• _Task_
Repeat exactly the lines beginning at the one that contains "即时比分、突发新闻、社交热点" and running to the end of the material. Omit the pictures.

• _Raw data_
* * * *

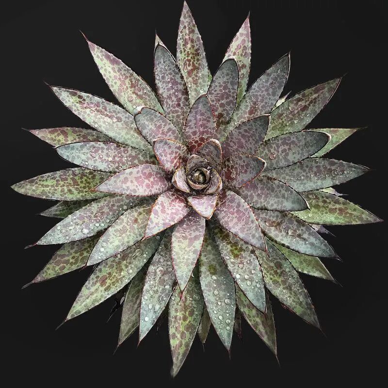 它的叶片相对其他品种而言,不太肥厚,呈三角锥形 (背面圆形凸起,叶片内侧内凹) ,叶表面被有少量白粉,并布有不规则斑点 (强光下斑点呈血色,弱光下斑点呈绿浅色) ;叶缘有漂亮的褐红色锯齿状刺,叶顶端有红褐色硬刺。
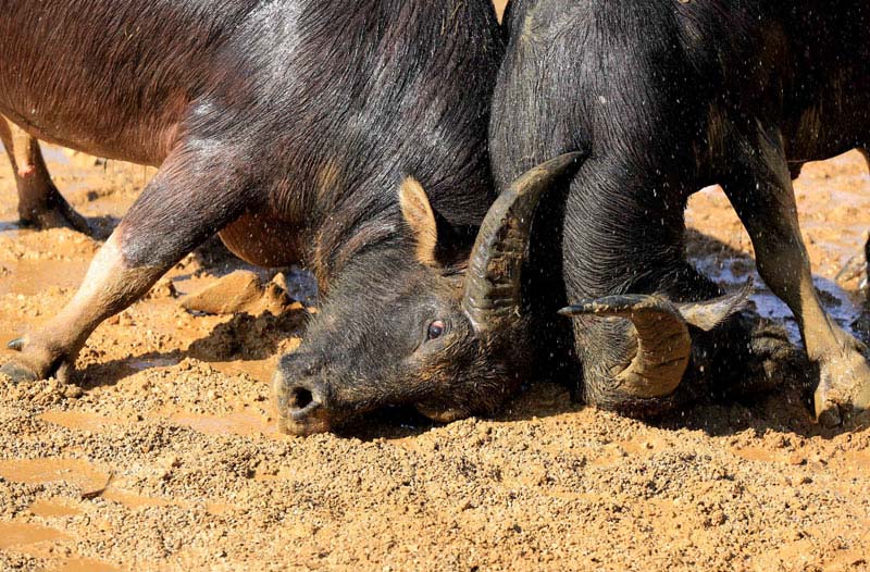 El evento taurino, en una aldea en Liuzhou de la Región Autónoma Zhuang de Guangxi, se llevó a cabo para celebrar una cosecha abundante. [Foto por Tan Kaixing / Asianewsphoto]
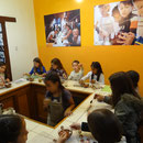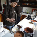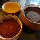 Nous n'avons pas résisté, après la visite, à prendre un chocolat chaud préparation "Maya", où le chocolat fondu doit être mélangé manuellement au lait chaud. Du miel et du piment sont là pour accompagner et doser à votre guise pour rendre le tout plus subtil. C'était bon, surtout avec un peu de piment, mais de manière surprenant pas transcendant.
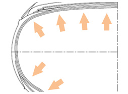 A gumiabroncs belső szerkezetének kialakítása lehetővé teszi az érintkezési feszültség optimális eloszlását, ami növeli a kényelmet és csökkenti a gördülési ellenállást.
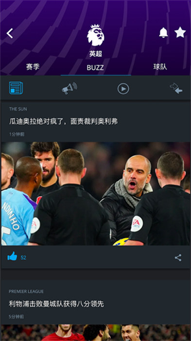 即时比分、突发新闻、社交热点聚合、视频、电视节目表、即将到来的赛程、首发阵容、高级统计数据和转会更新。
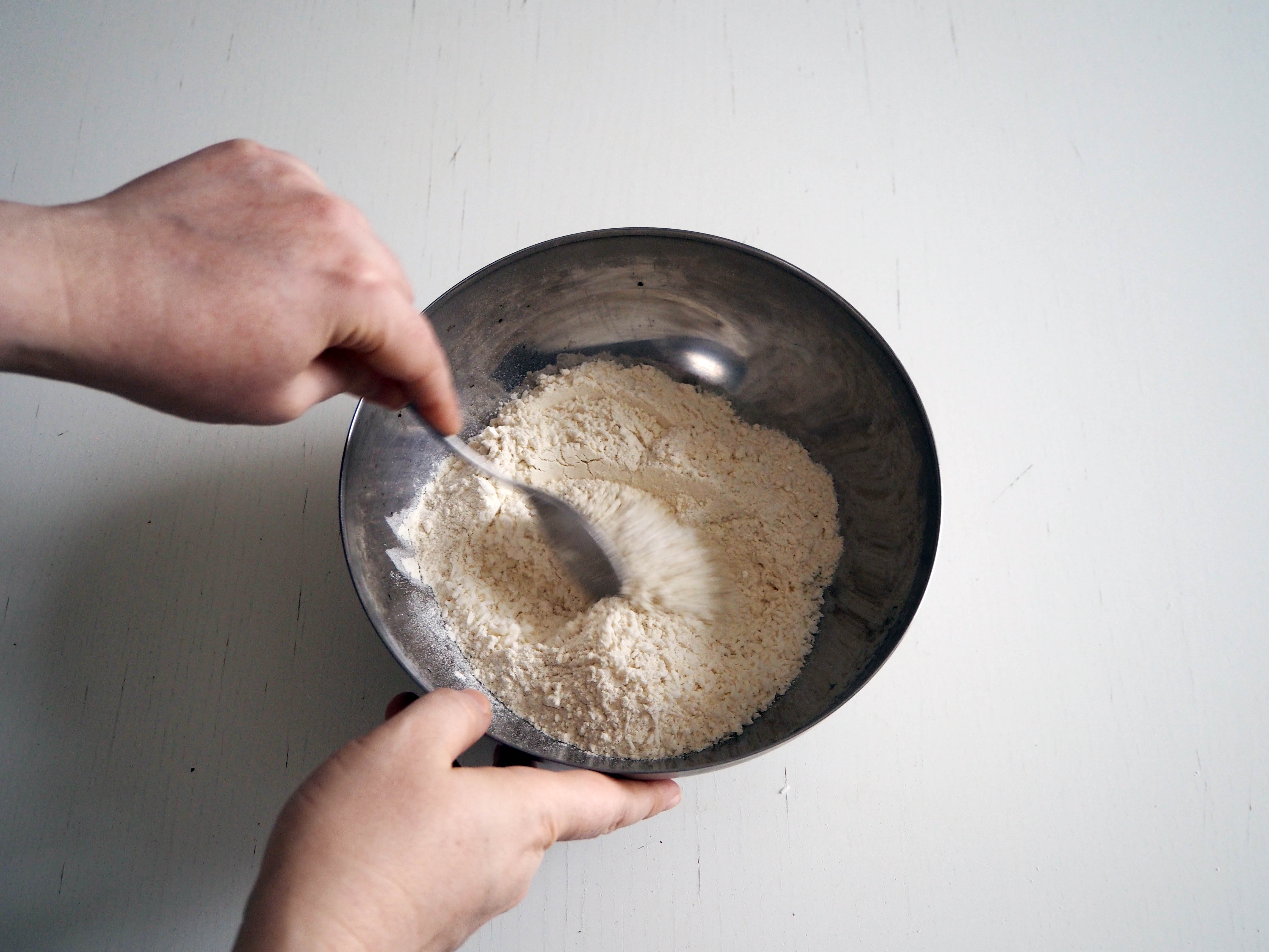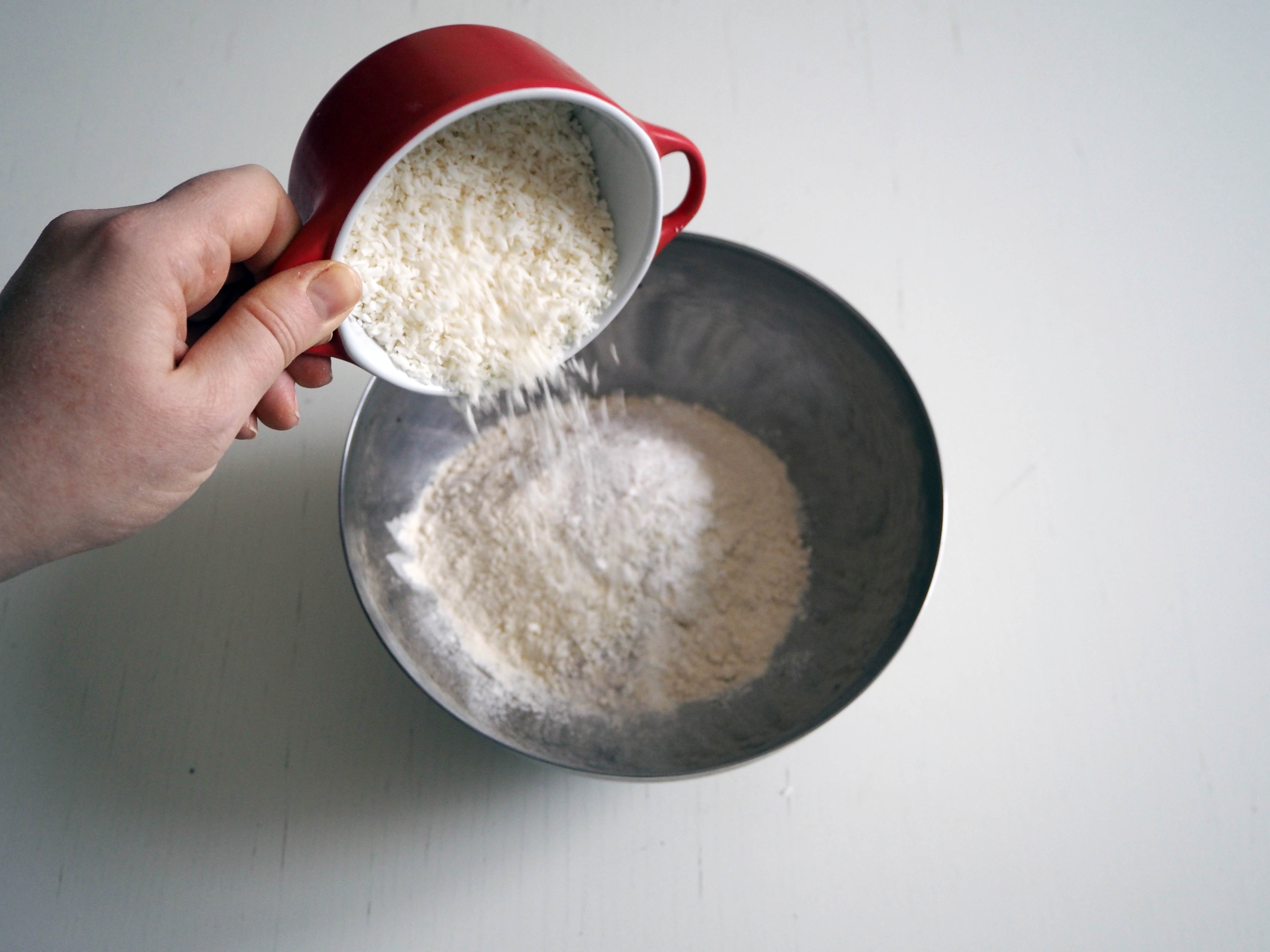3. Put the rest of the flour and the following ingredients in the list until (incl.) coconut, in a bowl. Whisk a little and put aside.

* * * *

• _Output for this task_
 即时比分、突发新闻、社交热点聚合、视频、电视节目表、即将到来的赛程、首发阵容、高级统计数据和转会更新。
3. Put the rest of the flour and the following ingredients in the list until (incl.) coconut, in a bowl. Whisk a little and put aside.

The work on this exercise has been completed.